KPMG International’s latest half-yearly global M&A survey said Indian companies saw a significant decline in outbound M&A activity in the first half of 2013 against the second half of last year.
The ‘High Growth Markets International Acquisition Tracker’ said on Tuesday that Indian companies acquired 18 companies in the developed markets in H12013, compared with 33 such deals in H22012. KPMG, however, found out that inbound M&A activity increased. Companies from the developed markets targeted 45 Indian companies in the first-half this year against 44 in the second-half of last year.
The Tracker looks at deal flows between 15 developed economies and 13 high-growth economies, including India. KPMG produces the Tracker every six months to give an up-to-date picture of cross-border merger and acquisition activity.
Utkarsh Palnitkar, Head of the Transactions & Restructuring desk at KPMG in India, said: “Slow progress of economic reforms combined with increasing inflation rates and depreciation of the Indian currency against the US dollar have had an impact on M&A activity in India. He said after a slow start in the first quarter, the second quarter of 2013 saw a resurgence in M&A activity on the back of some cross-border deals such as Apollo Tyres-Cooper Tire, Mahindra-CIE along with Unilever’s stake increase in Hindustan Unilever and the Jet-Etihad deal, which is currently underway.

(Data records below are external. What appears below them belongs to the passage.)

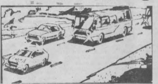
Рис. 1 Как должен действовать в данной ситуации водитель легкового автомобиля?
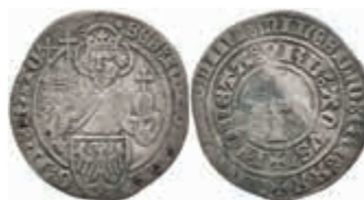
363 Turnosgroschen (1,79g), 1420, Menadier 117, etw. wellig, sehr schön. 150,—

Alle Einzellose und Zertifikate/Gutachten sind unter www.rhenumis.de farbig abgebildet! Dort sind auch 304 weitere Lose zu finden, die nicht im gedruckten Katalog, sondern nur im Internet zu finden sind!
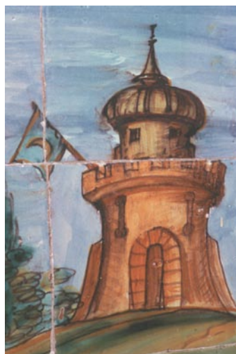
Detalle del zócalo y de una estampa flamenco grabada por Johann Sadeler (1550-1600) y conservada en la Biblioteca Nacional. En el grabado se ve un paisaje de fondo con arquitecturas diversas, una de ellas coronada por una bandera. Se aprecia cómo el pintor talaverano se inspira en este tipo de imágenes para realizar los fondos; el azulejo muestra un clásico castillo transformado en baluarte otomano mediante la adición de un cuerpo de remate acabado en una cúpula gallonada, y una bandera con la media luna.
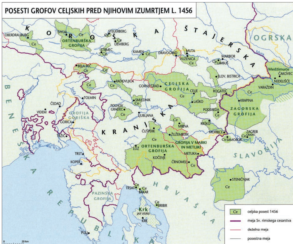
Posesti grofov Celjskih pred njihovim izumrtjem leta 1456 (Slovenski zgodovinski atlas, str. 89).

dvor, čeprav za to nimamo opore v virih. 10 Vse od smrti Ulrikovega sina Viljema (u. 1392), o čigar dvoru ne vemo ničesar, do polnoletnosti Friderika II. (r. ok. 1379, u. 1454) je obstajal samo en dvor, ki ga je vodil oče slednjega, Herman II. (r. ok. 1361, u. 1435), kasneje pa sta svoj dvor imela tudi Friderik II. in njegov sin Ulrik II. (r. ok. 1406, u. 1456). O dvoru drugih dveh sinov Hermana II. – Ludvika (u. 1414) in Hermana III. (u. 1426) – ne vemo ničesar, saj se v virih skoraj ne omenjata.
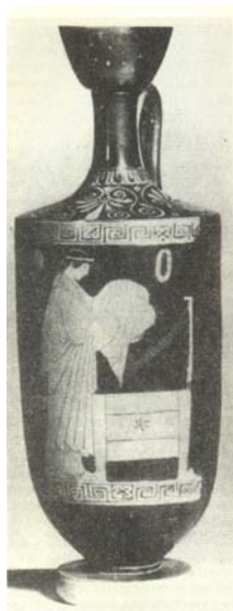
Εικ. 7. Ερυθρόμορφη λύκηθος, 470-460 π.Χ. N. Haven, Yale University Art Galery.

Από κείμενα και αναπαραστάσεις αγγείων πληροφορούμαστε για πολλά είδη ενδυμάτων όπως εσθήτα, πέπλος χιτώνας, χλαίνα, χλαμύδα, φάρος, κλπ. Τα ρούχα τα τακτοποιούσαν σε κιβώτια, (Οδύσσεια, ζ-74, θ-439, ο-439) (εικ.7.).
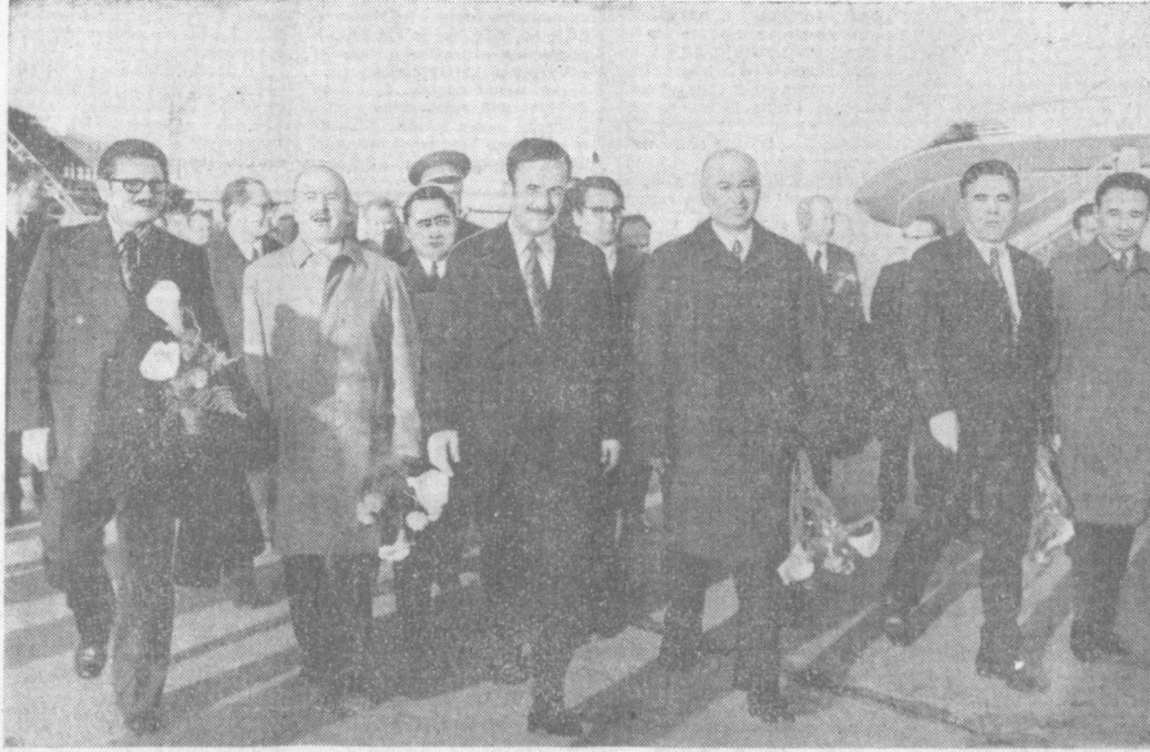
Встреча в Ташкентском аэропорту.

Пономарев, посол СССР в Сирийской Арабской Республике Н. А. Мухитдинов, член коллегии МИД СССР
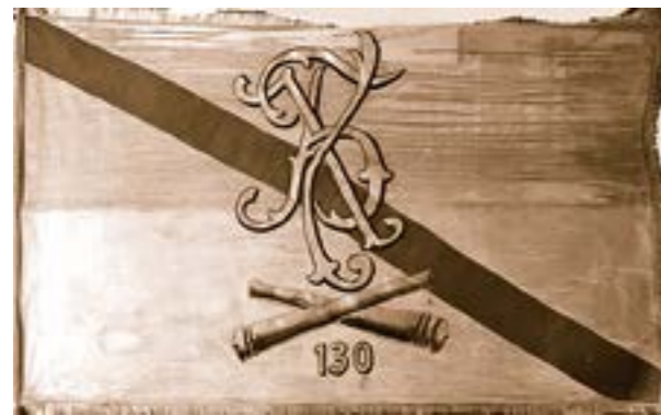
Прапор часів військових маніфестацій 1917 р.
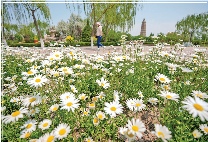
5月25日,游客在宁夏银川市海宝公园游玩。入夏以来,银川迎来晴好天气,城中湿地、公园构成一幅夏日湖城美景图。
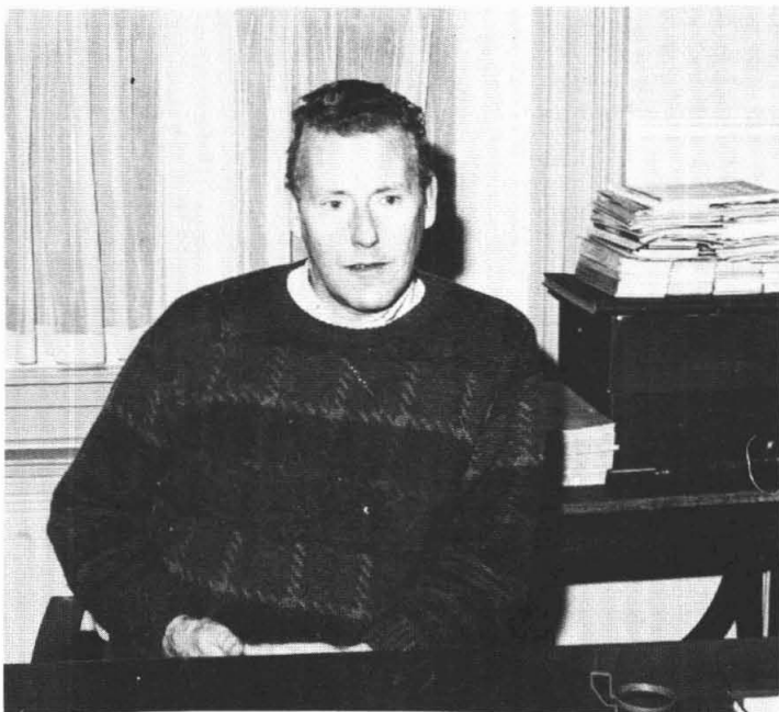
S. Folkerts

„Niet meer, ik heb er weinig aardigheid in; toespraakjes houden ligt mij niet zo. Alleen formele huwelijken, (d.w.z. alleen voor de wet trouwen, later laten bevestigen in de kerk) doe ik nog wel. Voor de andere huwelijken heeft de
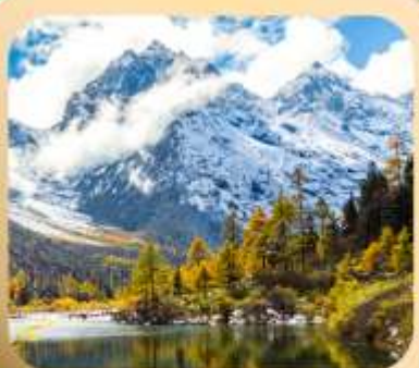
“ปี่ผิงโกว”

ชมธรรมชาติ 2 อุทยานขึ้นชื่อ อุทยานภูเขาสี่ดรุณี + อุทยานปี่ผิงโกว สะพานหนานเฉียว • ถนนคนเดินไถ่กู่หลี่ + ซุนซีลู่ + Pop Mart • ดงเจียวจื่อ

“While the outlook for 2013 remains uncertain, we believe that the uptick in M&A activity as witnessed between April to June 2013 may drive a return of confidence in boardrooms as well as help in improving global investor sentiment,” Palnitkar observed.
Vikram Hosangady, KPMG in India’s Head of Transaction Services and Private Equity said, “India will remain an interesting destination for investments”. However, he felt, M&A activity is now more likely to reflect changed realities, with acquirers expected to focus more on due diligence prior to making an investment.
“It is also important for buyers to create business plans to reflect realistic assumptions and the true potential of the business. With PEs we are more likely to see control transactions, especially by global buyout firms, along with realistic valuations. For international buyers, getting a deal done in India may require greater flexibility on the deal structures,” he added.